Comme pour la chirurgie, tout est lié au suivi. Les techniques chirurgicales et endoscopiques font office de « starters », c'est-à-dire qu'elles permettent d'aider à une perte de poids rapide, contribuant à motiver le patient, mais elles ne suffisent pas à elles seules.
C'est le suivi personnalisé avec l'accompagnement pluridisciplinaire et une activité physique régulière qui permet la pérennité de la perte de poids et l'absence de rechute. Car les rechutes sont fréquentes, notamment pour la chirurgie pour laquelle on estime qu’il y a 30 % de rechute, mais les patients ne sont pas tous réopérés. C'est très important que les patients intègrent ce risque de rechute pour les inciter à être bien suivis.
Le temps du suivi dépend de différents facteurs : du bilan de départ, fait en amont de l'intervention, mais aussi de la façon dont les patients évoluent et souvent du contexte psychologique.
Avec l'avènement de la téléconsultation, le suivi peut aussi bien être réalisé en présentiel qu'à distance, ce qui facilite grandement la surveillance, car ce n'est pas toujours simple pour les patients d'aller en consultation régulièrement.
De nouveaux médicaments viennent d'être autorisés dans l'obésité et d'autres, prometteurs, sont en cours d'évaluation. Quelle doit être leur place face aux techniques chirurgicales et non chirurgicales ?

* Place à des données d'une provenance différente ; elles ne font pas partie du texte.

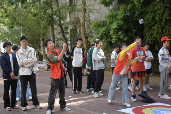 沙包显巧技,挑战砺锋芒。扔沙包项目现场,参赛选手们精准投掷,巧妙躲避,欢笑声和加油声此起彼伏。沙包在空中划出一道道弧线,精准命中目标,不仅展示了同学们出色的技巧和专注度,也体现了他们勇于挑战、不断超越自我的精神风貌。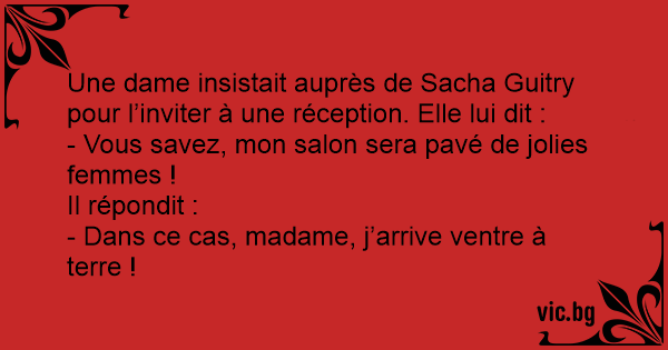 Une dame insistait auprès de Sacha Guitry pour l’inviter à une réception. Elle lui dit :

Nous sommes à l'aube d'une nouvelle ère : les différentes approches me semblent complémentaires et peuvent être combinées dans une prise en charge pluridisciplinaire et personnalisée. Je pense que l'on va bientôt tendre vers une prise en charge semblable à celle des cancers, associant chirurgie et différentes approches thérapeutiques. L'obésité est une maladie chronique pour laquelle nous disposons désormais de techniques interventionnelles, chirurgicales ou non, des médicaments qui vont être de plus en plus efficaces et des approches non médicamenteuses (activité physique, approche nutritionnelle, etc.).
Ces médicaments ne remplaceront sans doute pas la chirurgie, qui restera indiquée en dernier recours. L'objectif est toutefois d'éviter d'en arriver là alors que la chirurgie bariatrique n'est pas sans risque. Elle entraîne des fistules dans 2 % des cas et une hémorragie dans 3 % des cas.